Some biological aspects of the wing spot test must be pointed out before considering the statistical analysis. First, the number of target cells in the wing primordium is not precisely known. However, we know that during the larval and early pupal stages, cells of the wing primordia undergo approx 12 rounds of division, beginning with some 10-30 cells after embryogenesis and ending up with approx 30,000 cells when cell division ceases at the onset of metamorphosis (54). In chronic exposure experiments, the number of clones per wing divided by the number of cells contained in a wing provides an overall estimate of the clone induction frequency per cell and per cell division. Second, clone size reflects time of induction, according to the number of cell division cycles undergone between induction and metamorphosis. For continuous exposure, the expected clone size distribution in the ideal situation therefore corresponds to a geometric series with frequencies decreasing by a factor of 2 as clone size (measured in numbers of cells) increases by a factor of 2 (55).

In experiments designed to assess the mutagenicity of a given chemical, most often a treatment series is compared with a control series. One might like to decide whether the compound used in the treatment should be considered as mutagenic or nonmutagenic. The formulation of two alternative hypotheses allows one to distinguish among the possibilities of a positive, weakly positive, inconclusive, or negative result of an experiment. In the null hypothesis (H0), one assumes that there is no difference in the mutation frequency between the control and treated series. Rejection of the null hypothesis indicates that the treatment resulted in a statistically increased mutation frequency. The alternative hypothesis (HA) postulates a priori that the treatment results in an increased mutation frequency compared to the spontaneous frequency. This alternative hypothesis is rejected if the observed mutation frequency is significantly lower than the postulated increased frequency. Rejection indicates that the treatment did not produce the increase required to consider the compound as mutagenic. If neither of the two hypotheses is rejected, the results are considered inconclusive, as one cannot accept at the same time the two mutually exclusive hypotheses. In the practical application of the decision procedure, one defines a specific alternative hypothesis requiring that the mutation frequency in the treated series be m times that in the control series, which is then used together with the null hypothesis. It may happen in this case that both hypotheses have to be rejected.
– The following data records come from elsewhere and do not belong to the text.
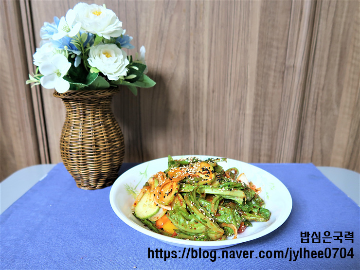 First, add 1 Tbsp of gochugaru, 1 Tbsp of freshly ground sesame seeds, and 1 Tbsp of sesame oil to the vegetables. Gently toss them together. This step helps maintain the crispness of the vegetables while adding flavor. Finally, add 1.5 Tbsp of gochujang and toss lightly. Adding the gochujang just before serving is key to preventing the vegetables from wilting and ensuring they stay fresh and delicious.
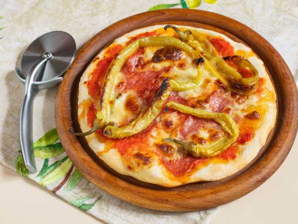 Через 3 часа, когда тесто уже хорошо поднялось, щедро смазываем противень, на котором будем выпекать пиццу, оливковым маслом.
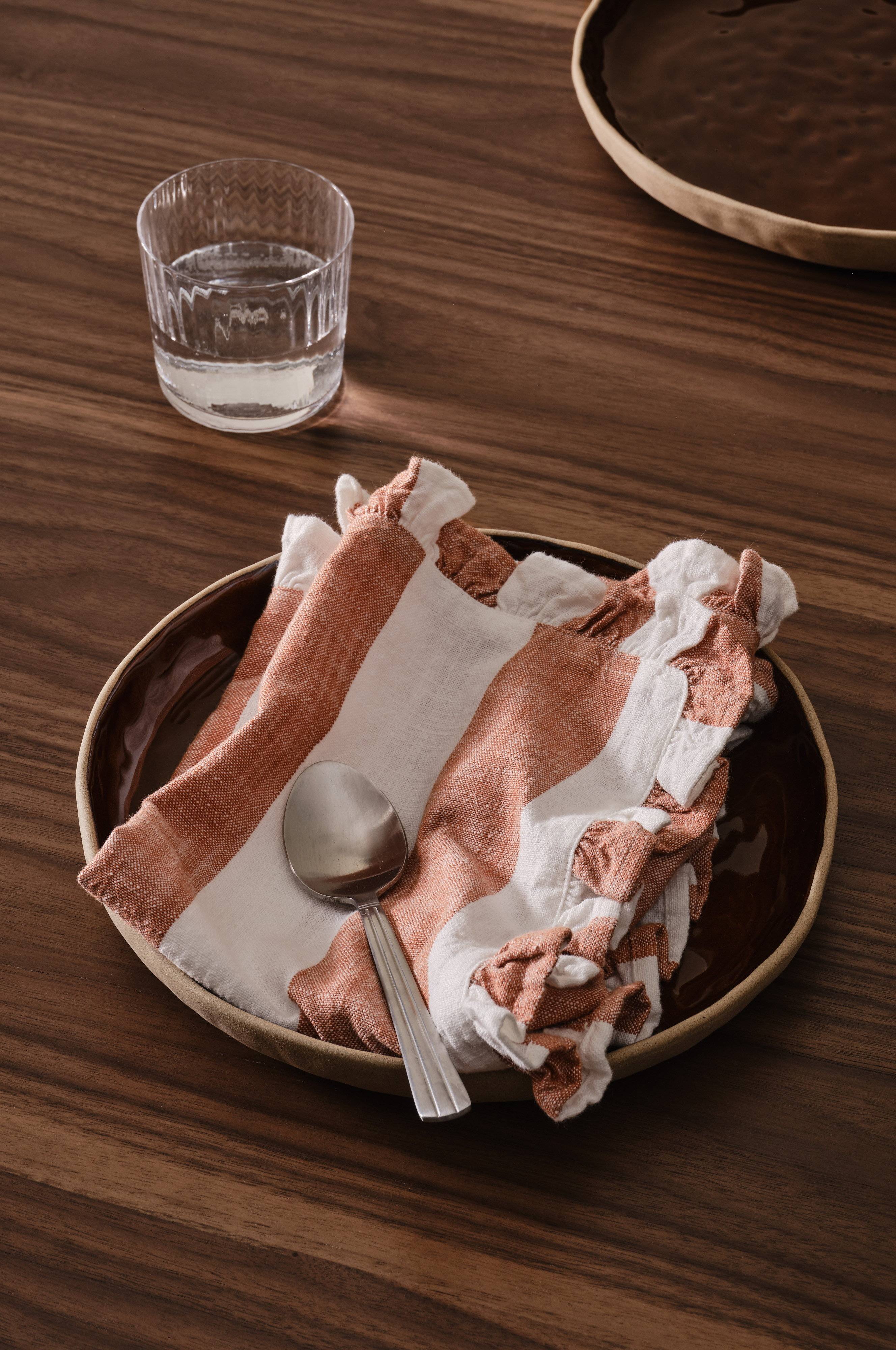 IRIS-lautasliinojen sarjassa on viehättävä röyhelö reunoilla ja ajaton lankavärjätty raitakuvio, joka antaa ripauksen vintage-viehätystä mihin tahansa ympäristöön. Pehmeästä puuvillasta valmistetut lautasliinat yhdistävät tyylin ja mukavuuden. Täydellinen viimeistely niille, jotka haluavat tuoda ruokailukokemukseensa ripaus nostalgiaa.
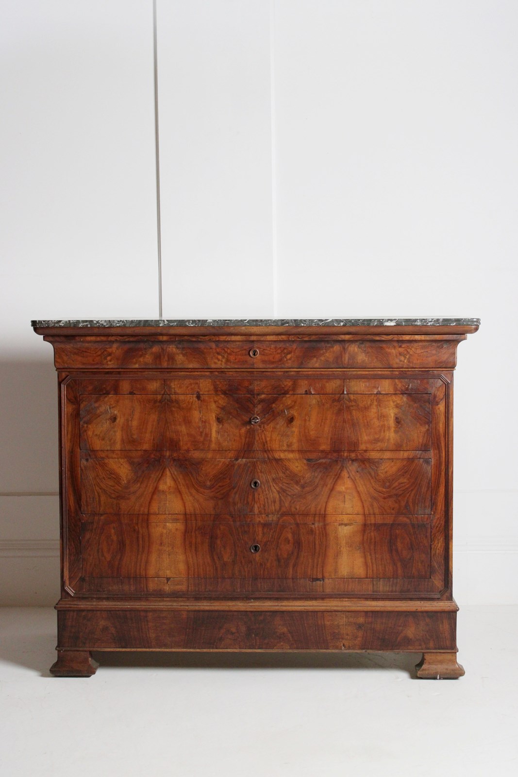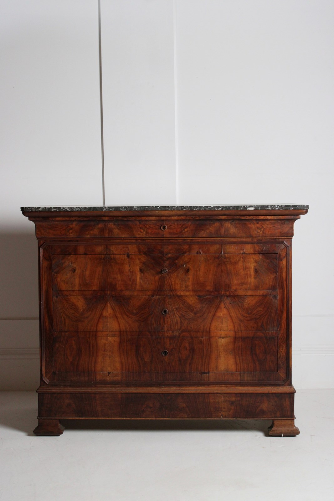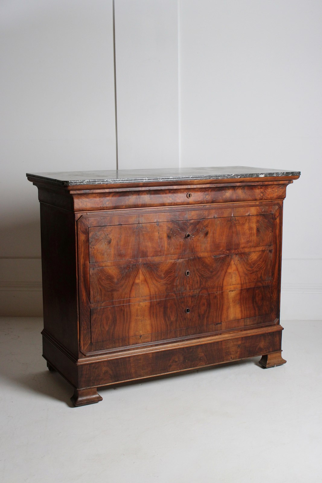 A well figured 19th century Louis Philippe walnut commode, retaining its original key.

This would mean that the treatment is weakly mutagenic, but leads to a mutation frequency that is significantly lower than m times the control frequency (54).

In the wing spot assay, it is customary to assess genotoxicity not only for the total number of spots recovered, but also to distinguish twin spots from single spots, because twin spots are uniquely produced by mitotic recombination, whereas single spots can be produced by various mechanisms.
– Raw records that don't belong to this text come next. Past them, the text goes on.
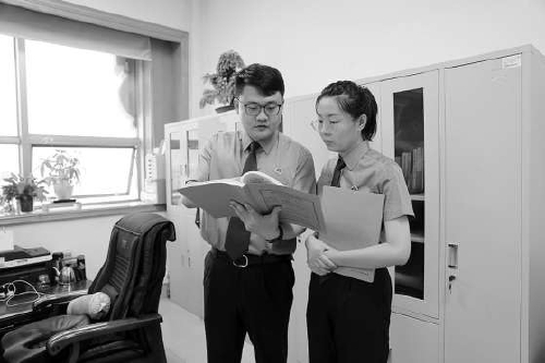 袁洪志(左)和同事讨论案情
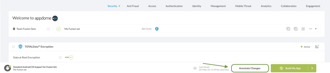 Each time you make a change in the Fusion Set, namely: enable or disable a protection, you need to add an annotation before you save the Fusion Set.
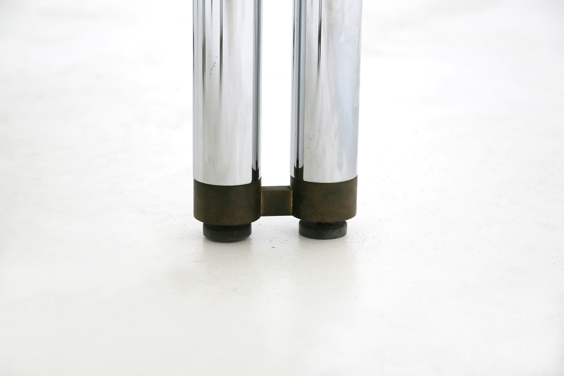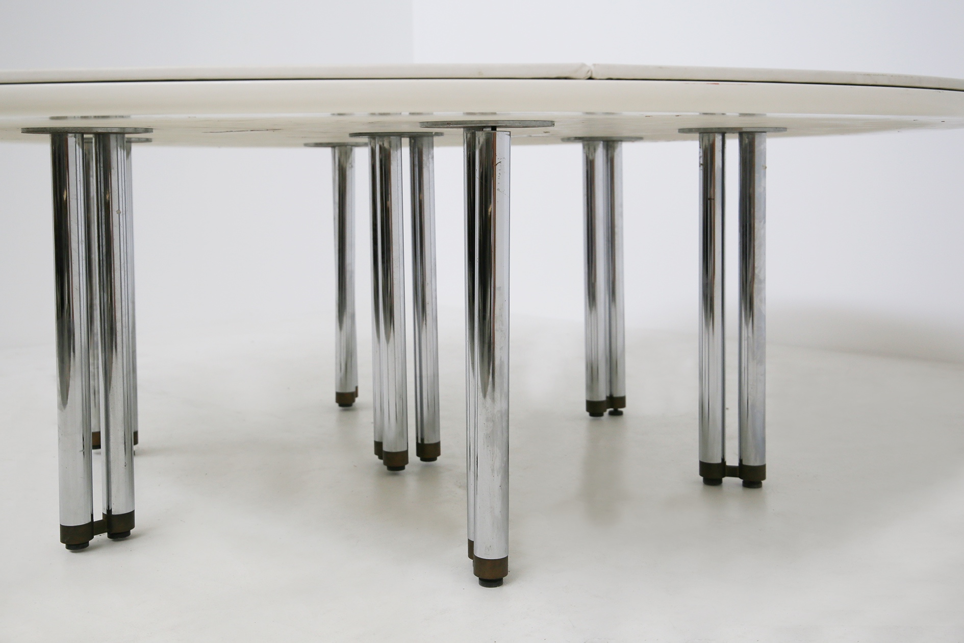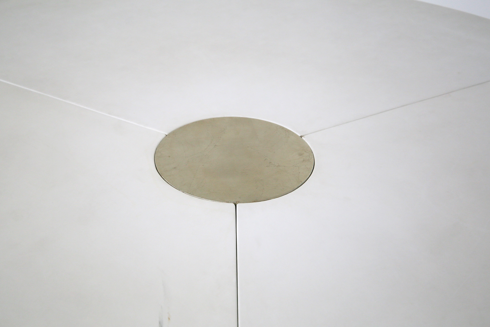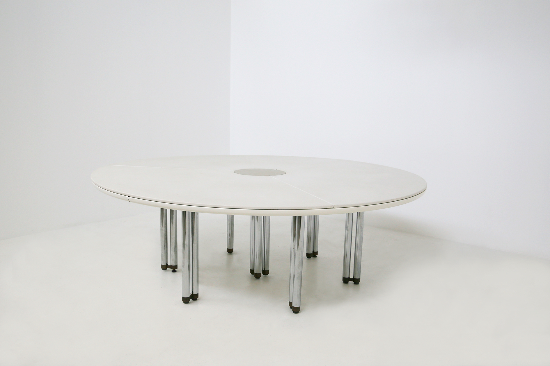 HIROYUKI TOYODA per SIMON-ULTRAMOBILE, San Lazzaro di Savena. Grande tavolo da riunione Byzantium in legno, acciaio e piedini in ottone. Piano circolare diviso in tre spicchi rivestiti in pelle bianca con un tondo centrale rivestito in foglia argento. Disegno del 1980, esemplare del 1984. Pubblicato in D. Gavina, Ultrarazionale Ultramobile, a cura di R. Orsini, Ed. Compositori, Bologna 1998, pp. 214-215. Mis. Alt. cm. 74 Diam. cm. 220 ca.
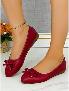 Sapatilhas vermelhas femininas com laço – sapatilhas confortáveis e elegantes para uso diário, no escritório e para ir ao trabalho.
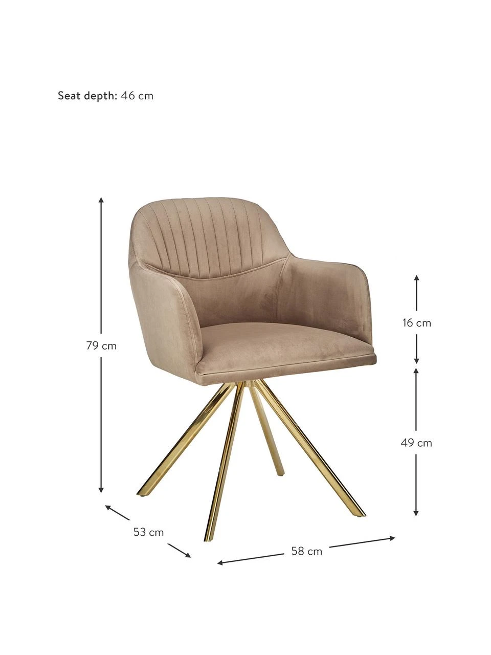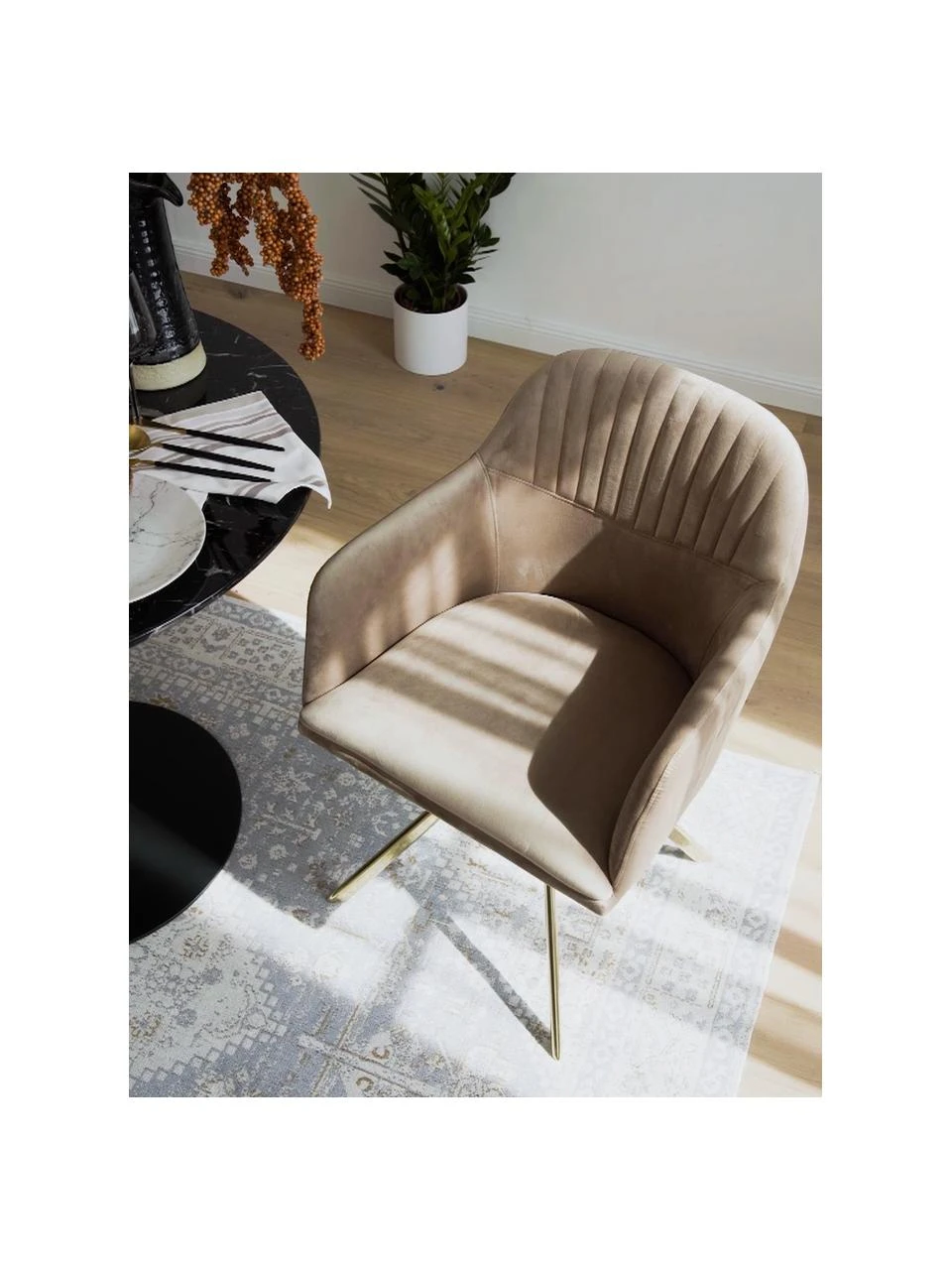 Westwing Collection Samt-Drehstuhl Lola mit Armlehne in Hellbraun, B 58 x T 53 cm

To assess negative results, empirically chosen multiplication factors (m) were originally introduced for testing (4,54); these are m=2 for both total spots and small single spots, because of their high spontaneous frequencies, and m=5 for both the rare spontaneous large single spots and twin spots (56).
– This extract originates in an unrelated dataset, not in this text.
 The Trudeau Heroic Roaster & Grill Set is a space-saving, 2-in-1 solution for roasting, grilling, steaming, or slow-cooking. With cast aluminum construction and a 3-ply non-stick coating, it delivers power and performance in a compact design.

In order to minimize the chance of inconclusive results, the statistical tests should be made sufficiently powerful. This can be achieved by planning optimal experimental sample sizes. For an experiment with p<5%, and tested in both directions, we need a control sample of such a size as to make the expected average yield be 32.5 spots on all control flies together. This figure is independent of stocks and test systems and is determined exclusively by theoretical parameters (i.e., the significance level [p<5%] and the minimal risk [doubling effect]) we have opted for as well as the power we require (95% correct decisions). In the standard mwh/flr3 wing spot test with a spontaneous frequency regularly of approx 0.6 spots per fly, this corresponds to an optimal sample size of 55 flies (both wings analyzed) (56).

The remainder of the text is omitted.